The cause of the trial, bloody and sad enough in its own nature, was one of the acts of violence which were the natural consequences of the Civil War in 1745.
It was about three years after the battle of Culloden that this poor man, Sergeant Davis, was quartered, with a small military party, in an uncommonly wild part of the Highlands, near the country of the Farquharsons, as it is called, and adjacent to that which is now the property of the Earl of Fife. A more waste tract of mountain and bog, rocks and ravines, extending from Dubrach to Glenshee, without habitations of any kind until you reach Glenclunie, is scarce to be met with in Scotland. A more fit locality, therefore, for a deed of murder, could hardly be pointed out, nor one which could tend more to agitate superstitious feelings. The hill of Christie, on which the murder was actually committed, is a local name, which is probably known in the country, though the Editor has been unable to discover it more specially, but it certainly forms part of the ridge to which the general description applies. Davis was attached to the country where he had his residence, by the great plenty of sport which it afforded, and, when dispatched upon duty across these mountains, he usually went at some distance from his men, and followed his game without regarding the hints thrown out about danger from the country people. To this he was exposed, not only from his being intrusted with the odious office of depriving the people of their arms and national dress, but still more from his usually carrying about with him a stock of money and valuables, considerable for the time and period, and enough of itself to be a temptation to his murder.
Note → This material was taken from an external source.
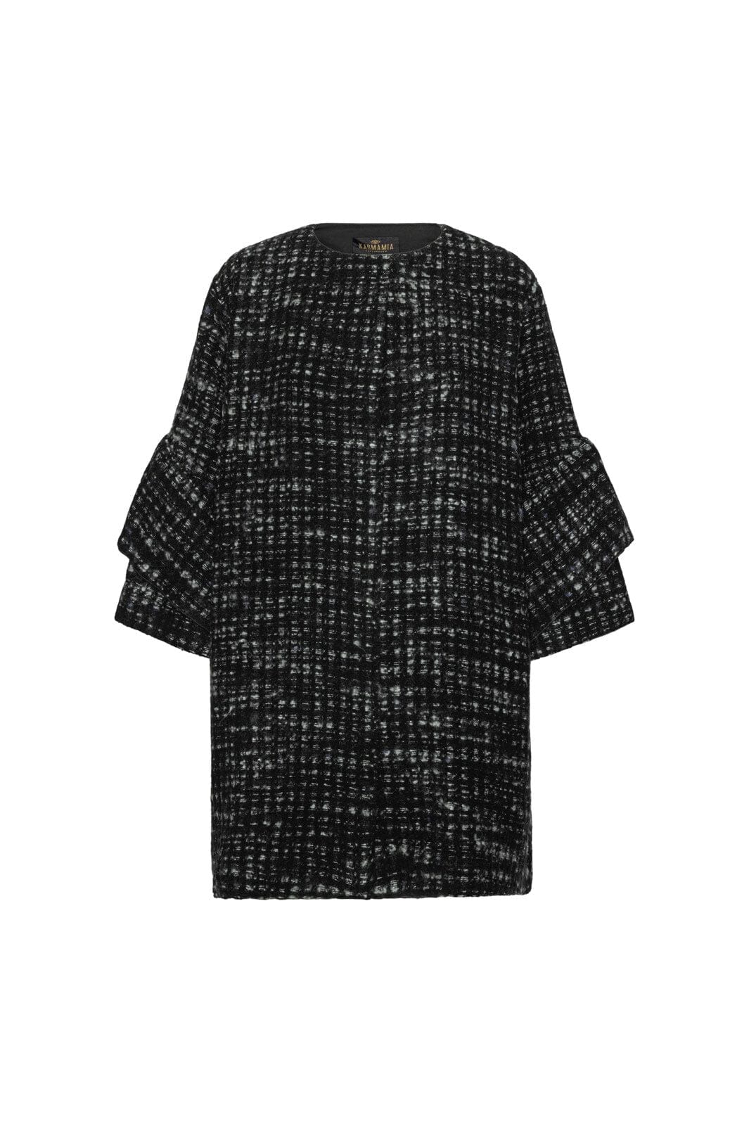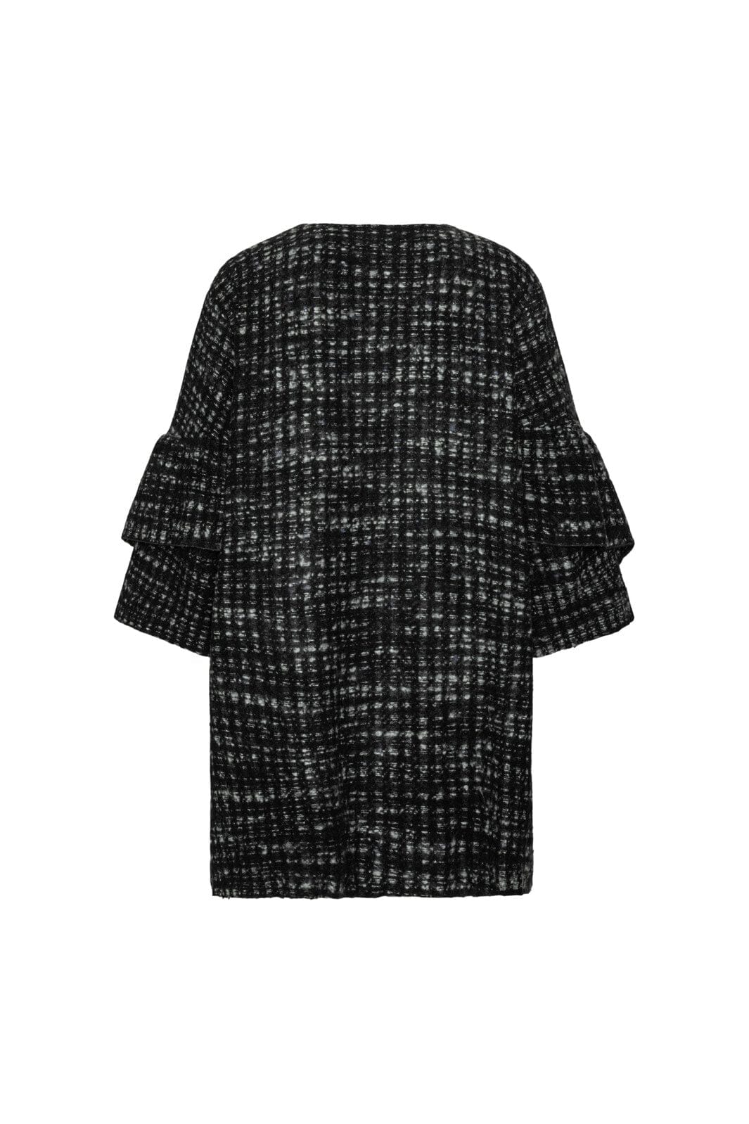 Svart blazer från Karmamia med rutmönster och djup V-urringning. Jackan har 3/4 ärmar och knappar som stängning. Den kan användas till både formella och festliga tillfällen.

On the 28th day of September, the Sergeant set forth, along with a party, which was to communicate with a separate party of English soldiers at Glenshee; but when Davis's men came to the place of rendezvous, their commander was not with them, and the privates could only say that they had heard the report of his gun after he had parted from them on his solitary sport. In short, Sergeant Arthur Davis was seen no more in this life, and his remains were long sought for in vain. At length a native of the country, named M'Pherson, made it known to more than one person that the spirit of the unfortunate huntsman had appeared to him, and told him he had been murdered by two Highlanders, natives of the country, named Duncan Terig alias Clerk, and Alexander Bane Macdonald. Proofs accumulated, and a person was even found to bear witness, that lying in concealment upon the hill of Christie, the spot where poor Davis was killed, he and another man, now dead, saw the crime committed with their own eyes. A girl whom Clerk afterwards married, was, nearly at the same time, seen in possession of two valuable rings which the Sergeant used to have about his person. Lastly, the counsel and agent of the prisoners were convinced of their guilt. Yet, notwithstanding all these suspicious circumstances, the panels were ultimately acquitted by the jury.
This was chiefly owing to the ridicule thrown upon the story by the incident of the ghost, which was enhanced seemingly, if not in reality, by the ghost-seer stating the spirit to have spoken as good Gaelic as he had ever heard in Lochaber.—"Pretty well," answered Mr M'Intosh, "for the ghost of an English sergeant!" This was indeed no sound jest, for there was nothing more ridiculous, in a ghost speaking a language which he did not understand when in the body, than there was in his appearing at all. But still the counsel had a right to seize upon whatever could benefit his clients, and there is no doubt that this observation rendered the evidence of the spectre yet more ridiculous. In short, it is probable that the ghost of Sergeant Davis, had he actually been to devise how to prevent these two men from being executed for his own murder, could hardly have contrived a better mode than by the apparition in the manner which was sworn to.